DataRobot, which I reviewed in December 2020, includes several components that result in highly human-interpretable models:

  • Model Blueprint gives insight into the preprocessing steps that each model uses to arrive at its outcomes, helping you justify the models you build with DataRobot and explain those models to regulatory agencies if needed.
  • Prediction Explanations show the top variables that impact the model’s outcome for each record, allowing you to explain exactly why your model came to its conclusions.
  • The Feature Fit chart compares predicted and actual values and orders them based on importance, allowing you to evaluate the fit of a model for each individual feature.
  • The Feature Effects chart exposes which features are most impactful to the model and how changes in the values of each feature affect the model’s outcomes.
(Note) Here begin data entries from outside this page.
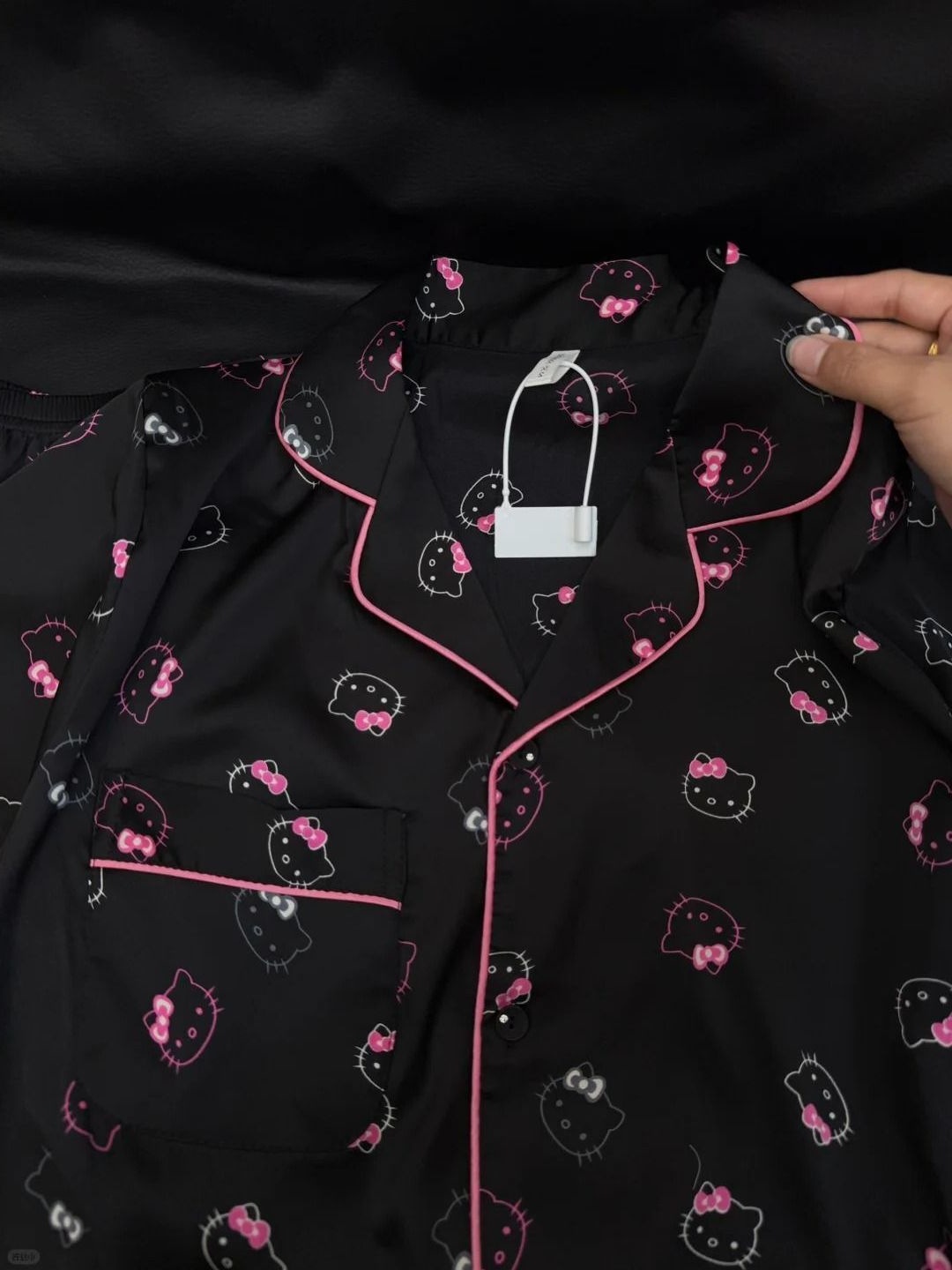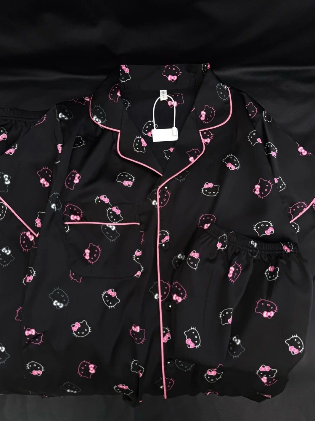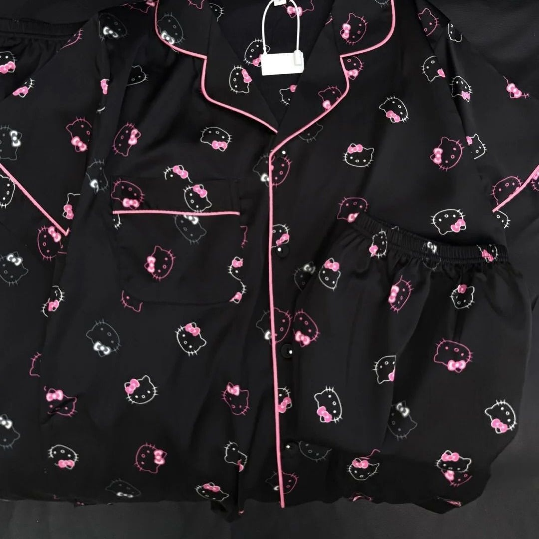 귀여운 블랙 헬로 키티 파자마 여성의 새로운 반팔 반바지 여름 얇은 홈 의류 세트 의류스토어 가기
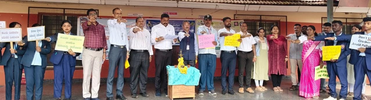ಹಸಿರು ದೀಪಾವಳಿ ಆಚರಿಸಲಾಗುವುದು ಎಂದು ಪ್ರತಿಜ್ಞೆ ಸ್ವೀಕರಿಸಿದರು. ಕಾಲೇಜಿನ ಎನ್.ಎಸ್.ಎಸ್.ಅಧಿಕಾರಿ ಟಿ.ಎಂ. ಸುಧಾಕರ್, ಸ್ಕೌಟ್ಸ್ ರೋವರ್ಸ್ ನ ಲೀಡರ್ ನವೀನ್ ಕುಮಾರ್, ಮಂಡಳಿಯ ಯೋಜನಾ ಸಹಾಯಕ ಆಸ್ಟಿನ್, ಉಪನ್ಯಾಸಕರು, ಬೋಧಕೇತರ ಸಿಬ್ಬಂದಿ, ರೇಂಜರ್ಸ್ ಮತ್ತು ರೋವರ್ಸ್ ಸ್ವಯಂ ಸೇವಕರು ಹಾಗೂ ವಿದ್ಯಾರ್ಥಿಗಳು ಇದ್ದರು. :: ವಿದ್ಯಾರ್ಥಿಗಳಿಂದ ಪ್ರತಿಜ್ಞೆ ಸ್ವೀಕಾರ:: ಬೆಳಕಿನ ಹಬ್ಬ ದೀಪಾವಳಿ ಹಬ್ಬದ ಸಂದರ್ಭದಲ್ಲಿ ಮಾಲಿನ್ಯಕಾರಿ ಪಟಾಕಿ ಸಿಡಿಸುವುದನ್ನು ಬಿಟ್ಟು ಪರಿಸರ ಸಂರಕ್ಷಣೆಯ ದೃಷ್ಟಿಯಿಂದ ಪರಿಸರ ಸ್ನೇಹಿ ಹಸಿರು ದೀಪಾವಳಿ ಆಚರಿಸುವುದಾಗಿ ಕಾಲೇಜು ವಿದ್ಯಾರ್ಥಿಗಳು ಪ್ರತಿಜ್ಞೆ ಸ್ವೀಕರಿಸಿದರು. :: ವಿದ್ಯಾರ್ಥಿಗಳಿಂದ ಪ್ರತಿಜ್ಞಾ ವಿಧಿ ಸ್ವೀಕಾರ:: ವಿದ್ಯಾರ್ಥಿಗಳು ಈ ಆಂದೋಲನದಲ್ಲಿ ವಿದ್ಯಾರ್ಥಿಗಳು ‘ಹಣತೆ ಬೆಳಗಿಸೋಣ, ಪಟಾಕಿ ತ್ಯಜಿಸೋಣ’, ಪಟಾಕಿ ತ್ಯಜಿಸೋಣ -ಪರಿಸರ ಉಳಿಸೋಣ ಬನ್ನಿ’, ಮಾಲಿನ್ಯಕಾರಿ ಪಟಾಕಿ ತ್ಯಜಿಸಿ, ಹಸಿರು ದೀಪಾವಳಿ ಆಚರಿಸಿ,
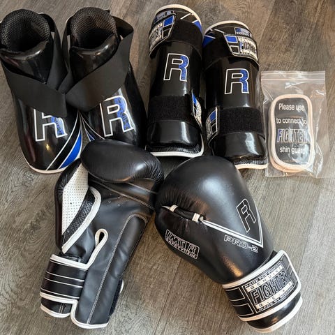 Sett med polstrede boksehansker og leggbeskyttere egnet til kampsporttrening som boksing, kickboksing eller annen slag- og sparktrening. Hanskene har lukking med borrelås rundt håndleddet for å gi støtte og holde dem på plass under bruk. Leggbeskytterne har justerbare stropper med borrelås på baksiden for å sitte stabilt rundt legg og vrist.
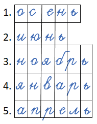 Прочитайте. Впишите в клетки слова, соответствующие данным значениям. Каждое такое слово заканчивается мягким согласным звуком.

DataRobot works to ensure that models are highly interpretable, minimizing model risk and making it easy for any enterprise to comply with regulations and best practices.

Dataiku’s interpretability techniques

Dataiku provides a collection of various interpretability techniques to better understand and explain machine learning model behavior, including: 

  • Global feature importance: Which features are most important and what are their contributions to the model?
  • Partial dependence plots: Across a single feature’s values, what is the model’s dependence on that feature?
  • Subpopulation analysis: Do model interactions or biases exist?
  • Individual prediction explanations (SHAP, ICE): What is each feature’s contribution to a prediction for an individual observation?
  • Interactive decision trees for tree-based models: What are the splits and probabilities leading to a prediction?
  • Model assertions: Do the model’s predictions meet subject matter expert intuitions on known and edge cases?
  • Machine learning diagnostics: Is my methodology sound, or are there underlying problems like data leakage, overfitting, or target imbalance?
  • What-if analysis: Given a set of inputs, what will the model predict, why, and how sensitive is the model to changing input values?
  • Model fairness analysis: Is the model biased for or against sensitive groups or attributes?

Explainable AI is finally starting to receive the attention it deserves. We aren’t quite at the point where “glassbox” models are always preferred over black box models, but we’re getting close. To fill the gap, we have a variety of post-hoc techniques for explaining black box models.